Nithya Deepak, another Junior, is also a transfer student. She came to Pres from Monta Vista High School at the beginning of her sophomore year.

“I found the homework load around the same in both schools,” she said, going on to point out that both “have an environment where academics are highly valued, and challenging yourself is a must.” Monta Vista has a unique bell system in which their number of classes varies anywhere from seven to three classes a day.

On the whole, though, the amount of homework Pres students have compared to other high schools is undoubtedly higher. But why?

According to the stress survey results, students feel that 33% of the homework teachers assign is busy work. Additionally, less than half of the student body reported that they worked hard on their schoolwork and found it meaningful.

This points to a fault in the system of determining what busy work actually is. If 33% of our homework is in fact busy work, getting rid of it would decrease the time spent on homework overall – probably to more “normal” levels.

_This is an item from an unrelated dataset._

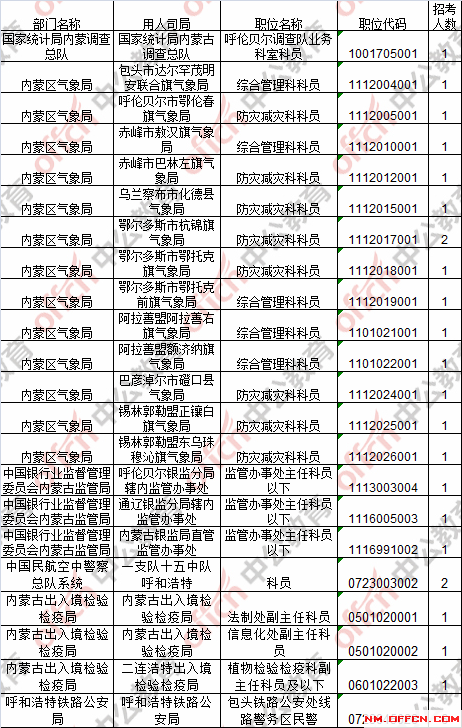截止到23日16時,工作地點在內(nèi)蒙古22個職位無人報考。具體職位如下:
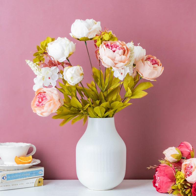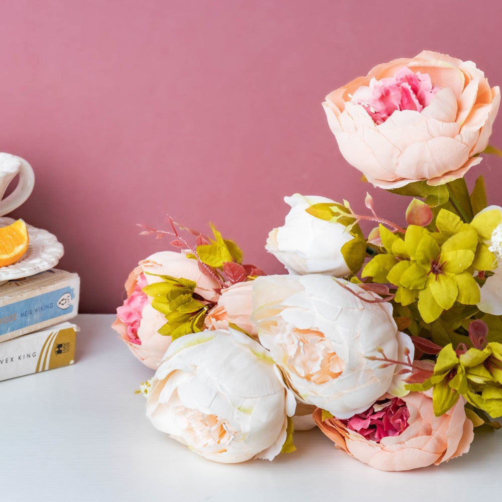 Nestip: Add multiple artificial leaves and flowers with the floral bunch to create an elaborate flower arrangement.

But that is not to say that we don’t like our teachers who are assigning this busy work. In fact, on a five-point scale, Pres teachers overall averaged a 4.02 in terms of care and support of their students. Essentially, we love our teachers, but at the same time we complain about how they are killing us with homework.

This may be because of extra credit opportunities, banana bread or the fact that our teachers are overall really nice and understanding people. But the fact remains that students feel like they can have an open dialogue with their teachers, yet they apparently do not use it.

Aside from the failed homework survey in November, students feel as though they have not had the opportunity to express what homework assignments they could do without. However, it seems that they will get a second chance in the near future.

“Moving forward this spring we will be conducting another homework survey with students to gauge where students are with homework,” Mikacich said when asked about Pres’ homework problem. “We value students’ participation in the survey and their honest feedback when completing the survey so the data gathered is meaningful and useful.”